Based on Quantum Key Distribution (QKD), a technology that uses the principles of quantum mechanics to perform cryptographic tasks, the QCI would consist of terrestrial network components and components in space, in the form of communications satellites.
Roberto Viola, Director-General of DG Connect, said:
“Quantum communication has the potential to protect the EU’s sensitive data and digital infrastructure for years to come. Today DG Connect is signing a technical agreement with the European Space Agency to prepare a secure end-to-end quantum communication infrastructure that, besides cybersecurity, could be used for many useful applications and services, such as digital signatures, authentication, and clock synchronisation. Work on quantum communication will be key in the Digital Europe programme as well as in the Horizon Europe programme.”
Magali Vaissiere, ESA Director of Telecommunications and Integrated Applications, added:
“Only by stimulating innovation can Europe place itself at the forefront of technology; and nowhere is this more critical than in the field of secure communications. It is our shared ambition to demonstrate that space-based solutions can provide a vital part of the European quantum communication infrastructure. ESA is therefore making available its expertise in satellite and optical communications, in order to meet the technological challenges of delivering Quantum Key Distribution services, which are not achievable by terrestrial solutions alone.”

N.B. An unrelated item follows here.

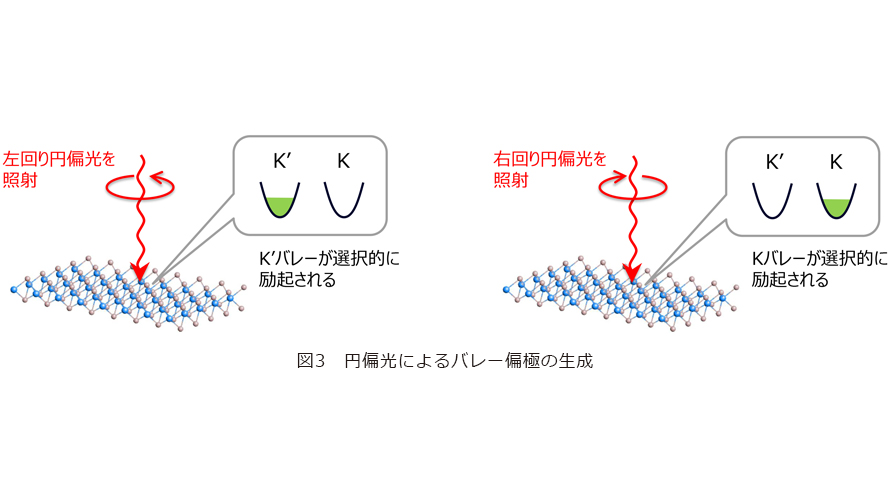 二次元半導体の特に重要な特徴の1つが、バレーが光の円偏光と強く結びついている点です。図3に示すように、右回り・左回りの円偏光を使い分けることで、特定のバレー状態を選択的に生成し、観測することが可能になります。このように、光を介してバレーを直接操作できることは、従来の半導体にはない大きな特徴です。

According to the agreement, the terrestrial component of the QCI, under DG Connect’s responsibility, would be composed of a series of quantum communication networks linking critical infrastructures and sensitive communication and data sites in Europe. The space-based component, known as SAGA (Security And cryptoGrAphic mission), would be under ESA’s responsibility and would consist of a satellite quantum communication system with pan-European reach, supporting institutional use.
The QCI would stimulate solutions where EU industrial players can become leaders in the field of quantum communications, by fostering the development of new, innovative technologies and systems. It would also permit consolidation and expansion of Europe’s scientific leadership and excellence in quantum research; and increase European autonomy in this strategic field.
Quantum communications in the EU
In the period 2021-2027, quantum technologies will be supported by the EC’s proposed Horizon Europe programme for research and space applications, as well as by its proposed Digital Europe programme, which will develop and reinforce Europe's strategic digital capacities.